Civil War: “Narrowness of Mind…

... is often the cause of obstinacy” noted the 17th century French moralist Francois de la Rochefoucauld. In the two surveys since the storming of Congress, Trump’s approval ratings have come in at a steady 38 percent, including one by The Marist College which pollsters give substantial credence to.

Yes, 38 percent is low by historical standards, though not the lowest point in modern American politics – both George H W Bush and Jimmy Carter hit much poorer approval ratings. Donald Trump can breathe easily. More than a third of Americans back the 45th president. The narrowness of the mind today occupies a prominent window in the American political shopping mall.

After thousands of lies, years of nastiness, gross ineptitude (US COVID-related deaths will comfortably exceed half a million) and now the incitement of thugs to trash the federal legislature, and praising them as “patriots” literally while they were in full flow, Trump still enjoys significant popularity – to the tune of some hundred million Americans.

If for decades, the US focused on foreign policy adventures, economic growth and domestic race relations, the sheer gravity and seriousness of the political divide will suck political bandwidth for many years. And with it, isolationism will not for once be a proactive choice but an inevitable by-product, ably abetted by the diminution in America’s brand. We will see less of America outside of its borders, which may not be a bad thing given the number of unpleasant dictators who Washington DC continues to support.

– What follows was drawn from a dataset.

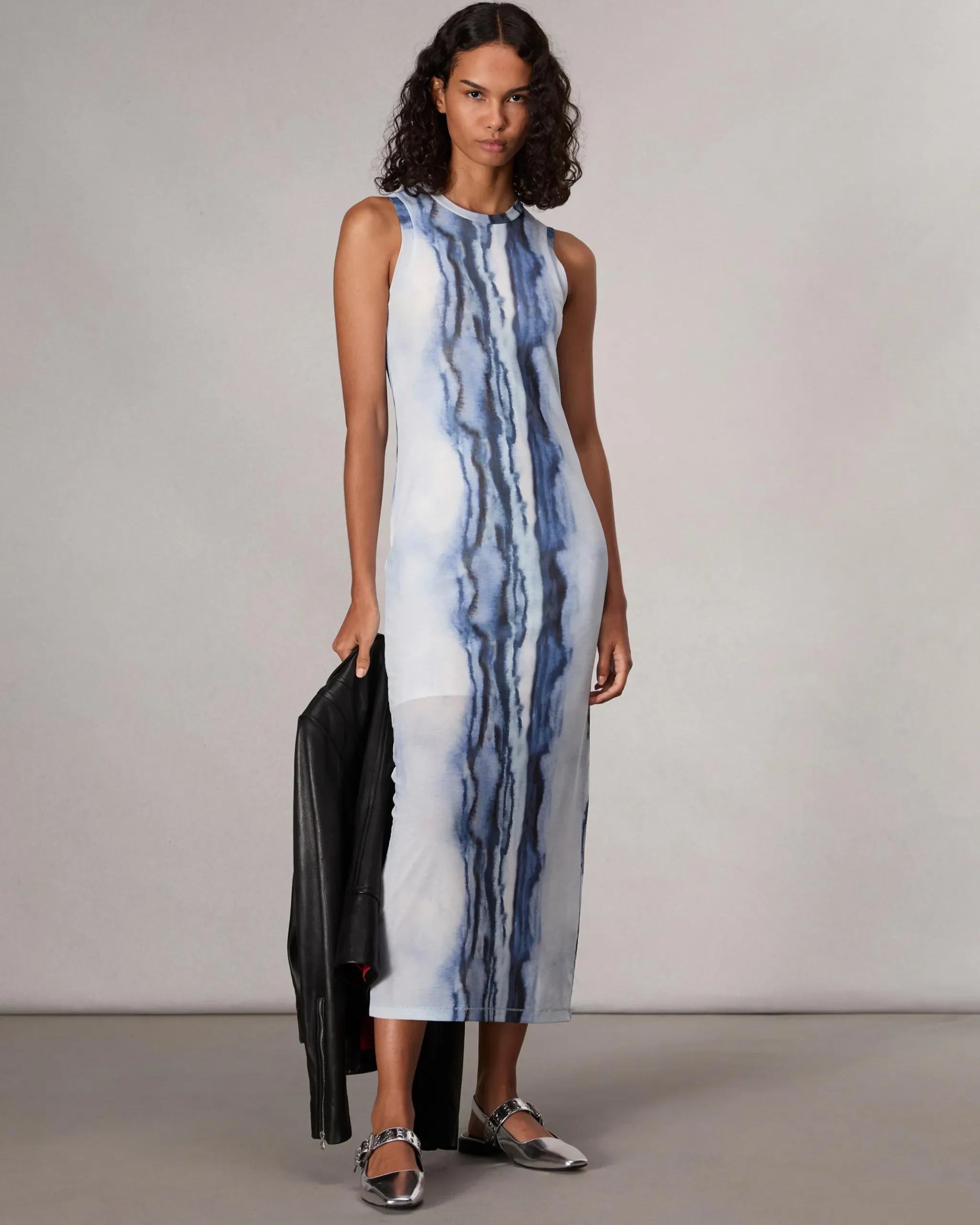 Figure-flattering stretch mesh with an abstract, painterly print ensures this jersey-lined maxi dress always looks as great as it feels.

The risk of civil war is … no longer a risk. Even if militarily the sides haven’t lined up their arsenals against each other, America is in a political, social and cultural civil war. Underlying that, there’s an epistemic civil war – the sources and acceptance of shared knowledge are frighteningly wide apart. Federal and state judge upon judge determines that there is no evidence of voter fraud, yet those findings are fake news for a hundred million Americans.

And it is from this that the narrow-minded end of the American spectrum, the remarkably substantial and vocal minority, the one that we didn’t quite realize existed, will transform the civil war from the tabloid columns and podcasts to more regular, violent physical confrontations. This genie is not getting back into its bottle. Prepare for a more unstable, erratic and bloody charting in the US than what we’ve become accustomed to.